For further analysis, we can see the data for one player

In [None]:
single_df = df.groupby('name')
single_df.get_group('Harry Kane') 

We can confirm form looking at the dataset for Harry Kane that GW 7 has been omitted so we can carry on with our analysis

In [None]:
df.info()

We can now check the datatypes for all the columns in the dataset. Name, team, position, and kickoff_time are all of object. We can leave those for now until we think they will be necessary for our analysis. 

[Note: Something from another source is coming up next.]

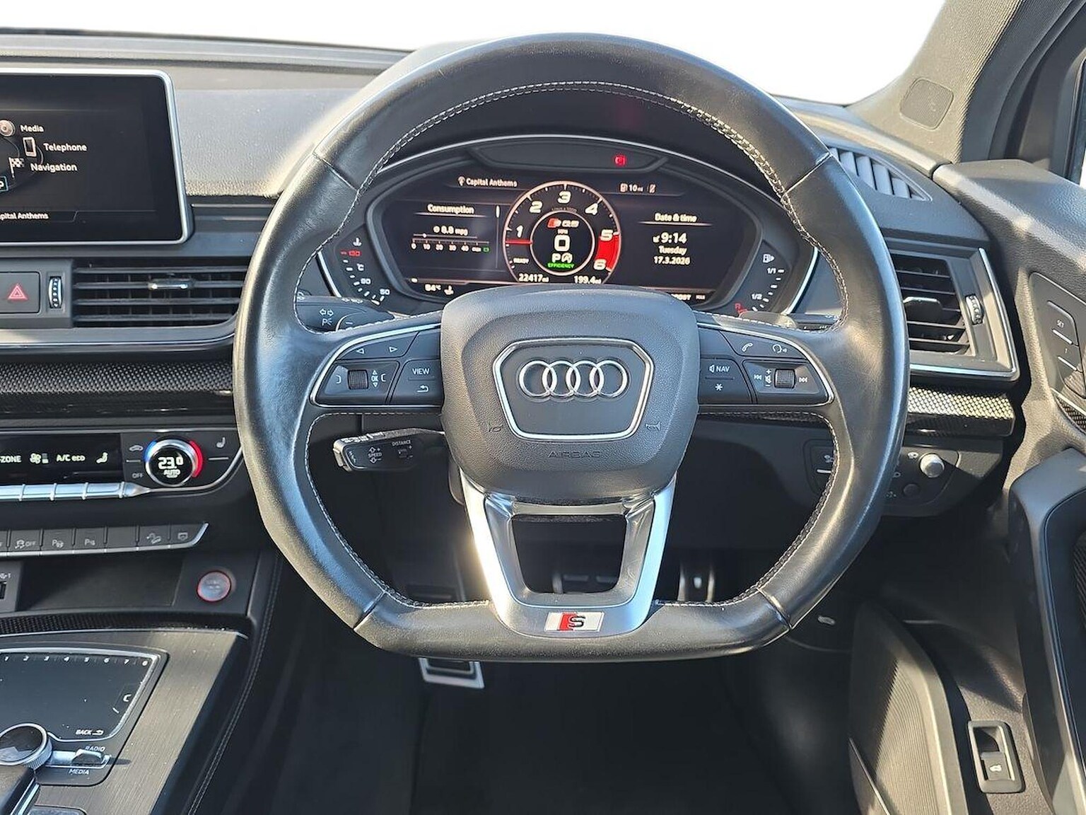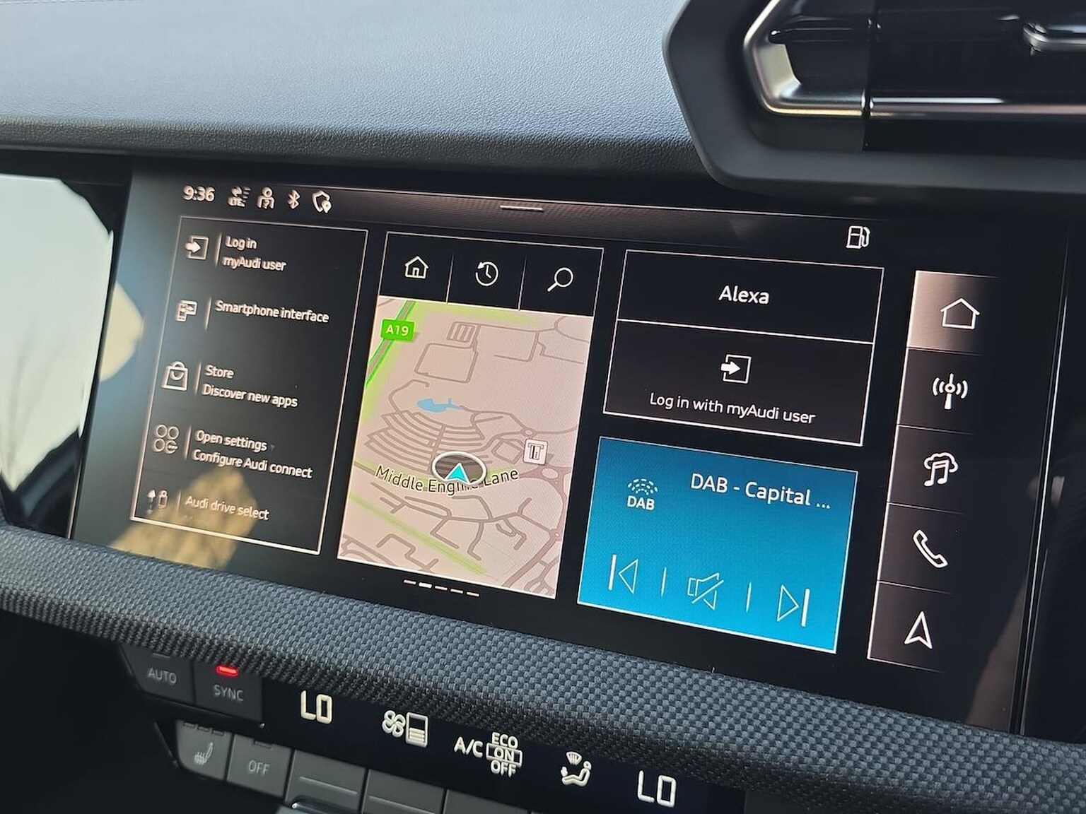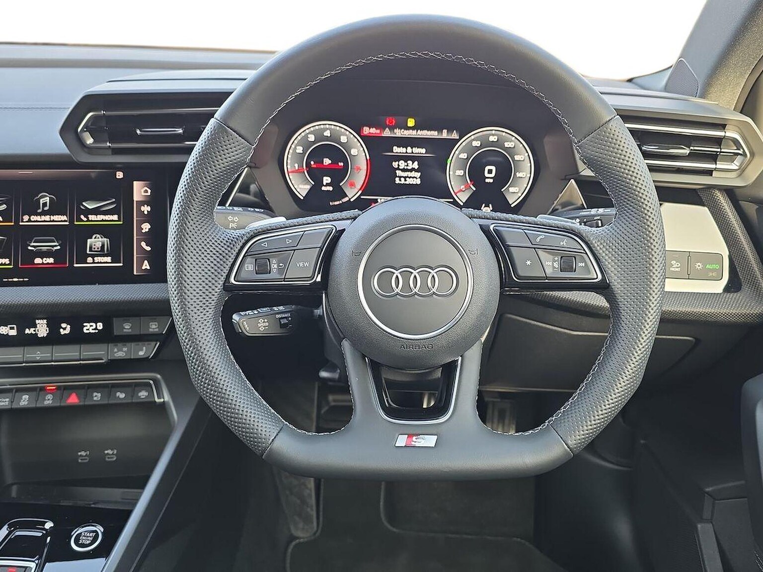 "features": "10.25\" Digital instrument cluster display classis style instrument dials + speed,odometer,time,outside temperature,telephone menu + fuel level warning, Audi drive select - power steering assistance + engine, Audi smartphone interface with connect compatible smartphone via USB directly MMI display + Nav,music, third party apps controlled via MMI controller, Automatic start/stop system, Bluetooth interface, Cruise control, Driver's information system, Electromechanical power steering, Emergency e-call, Emergency services call system, Lane departure warning system, Service interval indicator, Speed limiter, Voice control system, Washer fluid level indicator, Dynamic suspension, 1 x SDXC card reader, 2 x USB type C connection points, DAB Digital radio, MMI radio plus with 8.8\" colour MMI display screen and MMI touch, Auto dimming rear view mirror, Body coloured bumpers, Body coloured door mirrors, Electric front and rear windows, Electrically adjustable, heated, folding door mirrors with integrated LED side indicator, Front side air inlets in grained matt black and C frame in anthracite black, Heat insulating glass windscreen and side windows, Heated rear windscreen, High level LED brake light, LED headlights with LED rear lights + dynamic rear indicators + headlight adjustment and high beam, turning light + LED daytime running lights, Radiator grille and rear diffuser in matt anthracite black, Radiator protective grille frame in matt aluminium silver, Rain and light sensors, Rear fog lights, Rear side wing doors, Rear wing door, Rear wiper, Side front spoiler lips in grained matt black, 12V socket in centre console with two cup holders, 3 rear seats with headrests, 3 seat bench in 2nd row, 3 spoke leather multifunction plus steering wheel, 40:60 Split folding rear seat or folded fully, Door sill trims with aluminium inlay, Driver and passenger seat with manual height adjust with forward and backwards adjustment, Front head restraints, Front passenger seat, Front/rear floor mats, Grey cloth headlining, Height and reach adjustable steering wheel, ISOFIX child seat mounting for front passenger and outer rear seats including top tether attachment point of outer rear seats, Leather gear knob with aluminium trim, Leatherette handbrake grip, Luggage compartment light with front and rear reading lights, Manually adjustable lumbar support in front seats, Novum cloth upholstery with front sport seats, Luggage compartment pack - A1, 3x3 point rear seatbelts, Audi pre-sense front with pedestrain and cyclist recognition, Brake assist function, Driver and front passenger airbag with front side and head airbags, Electronic Stability Control including ABS, EBD, ASR and EDL, Front passenger airbag deactivation switch, Hill hold assist, Manual rear child locks, Seatbelt height adjustment for front seats, Seatbelt monitoring, Tyre pressure warning light, Warning triangle and first aid kit, Anti theft alarm, Anti theft wheel bolts and loose wheel warning, Immobiliser, Remote central locking with 2 foldaway keys, Aluminium trim for control switches, air vents and digital instrument cluster, Silver grey accent areas including air vents, door handle recesses and centre console in diamond paint finish, Slate grey inlays polygon structure in fine paint finish, ",

Was_home is of bool type. We can change this to integer later on since it may be useful later on.

In [None]:
df.head()

In [None]:
df.tail()

In [None]:
df.sample(10)

Let us check to see if there are any duplicate rows

In [None]:
df[df.duplicated()]

No duplicate rows were found.
Let us also check if any columns have duplicate values

In [None]:
df.T.duplicated()

We can see that GW has duplicate values. This is expected since each player has a corresponding gameweek. For example, each player played in gameweek 1 so 1 will be duplicated 777 times

Let us check for null values

In [None]:
df['element'].head(30)

In [None]:
df.isna().sum() # Checking for any null values

There are no null values present in the dataset

### Preliminary Exploratory Data Analysis(EDA)
In our preliminary data analysis we will:
1. look at null and unique values
2. look at how each position contributes to total points
3. criterias that contribute to more points and negative points


Let's start by looking at the statistical analysis of our columns

In [None]:
df.describe()

From this, we can see the minimum and maximum values of all our integer columns as well as the average values.

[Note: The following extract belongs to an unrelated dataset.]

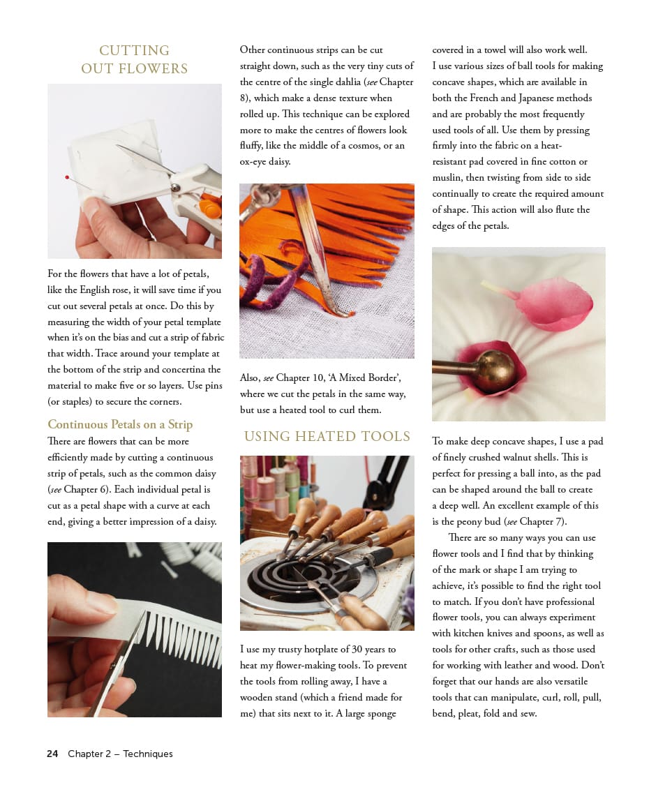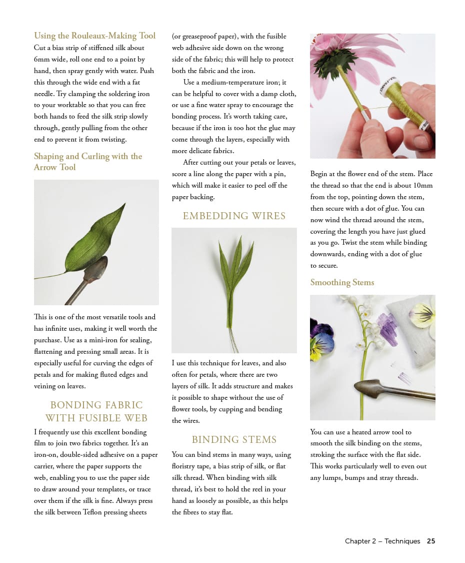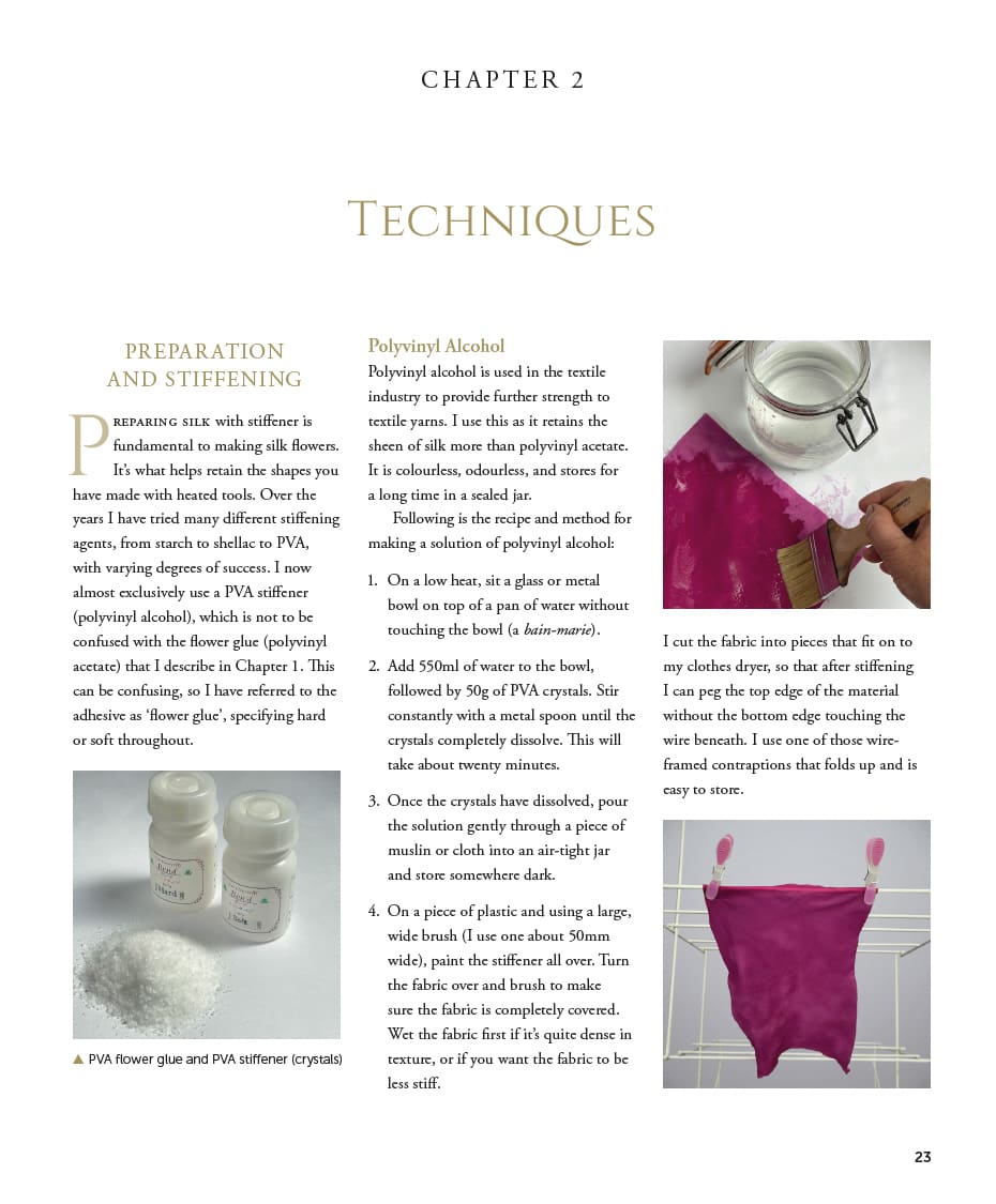 Gives instructions on techniques, including how to paint with dyes and mix colours, stiffen silk, and shape petals and leaves

Our dataset has too many columns. Let us see if we can reduce the number of columns by only selecting the important columns that we will be using for our analysis.

In [None]:
pl_df=df.groupby(['name', 'team', 'position']).agg(
    total_points=('total_points', 'sum'),
        minutes=('minutes', 'sum'),
        goals_scored=('goals_scored', 'sum'),
        assists=('assists', 'sum'),
        clean_sheets=('clean_sheets', 'sum'),
        saves=('saves', 'sum'),
        penalties_saved=('penalties_saved', 'sum'),
        penalties_missed=('penalties_missed', 'sum'),
        goals_conceded=('goals_conceded', 'sum'),
        own_goals=('own_goals', 'sum'),
        yellow_cards=('yellow_cards', 'sum'),
        red_cards=('red_cards', 'sum'),
).reset_index().sort_values('total_points', ascending=False)
current_player_team =  df.loc[df['GW'] == 30, ['name', 'team', 'position', 'value']]
player_df = pl_df.merge(current_player_team, on=['name', 'position', 'team'])
player_df


We created a new dataset called player_df which contains 16 important columns out of the initial 26 columns. The columns we selected are the columns we expect to have some impact on the total points earned by players. These columns include name, team, position, total_points, goals_scored,etc

We can also notice that we now have 754 rows. This is because during the course of the season, certain players get transferred out to other leagues and some get transferred in. To make sure we get the players present at the end of the season, we looked at players available after gameweek 30 which happens after the transfer seasons of the league

In [None]:
duplicate_names = player_df[player_df.duplicated(subset='name', keep=False)]
duplicate_names

We checked to see if we had any duplicate player names and found that Ben Davies appears twice. This is because they are 2 different players in two different teams so we can leave it the way it is.

In [None]:
player_df.info()

To begin our analysis, we first look at the top 20 players based on total points earned in the season.

In [None]:
top_20_players = player_df.sort_values(by='total_points', ascending=False).head(20)
top_20_players

In [None]:
plt.figure(figsize=(12, 6))
bars = plt.bar(top_20_players['name'] + ' (' + top_20_players['position'] + ', ' + top_20_players['team'] + ')', top_20_players['total_points'], color='skyblue')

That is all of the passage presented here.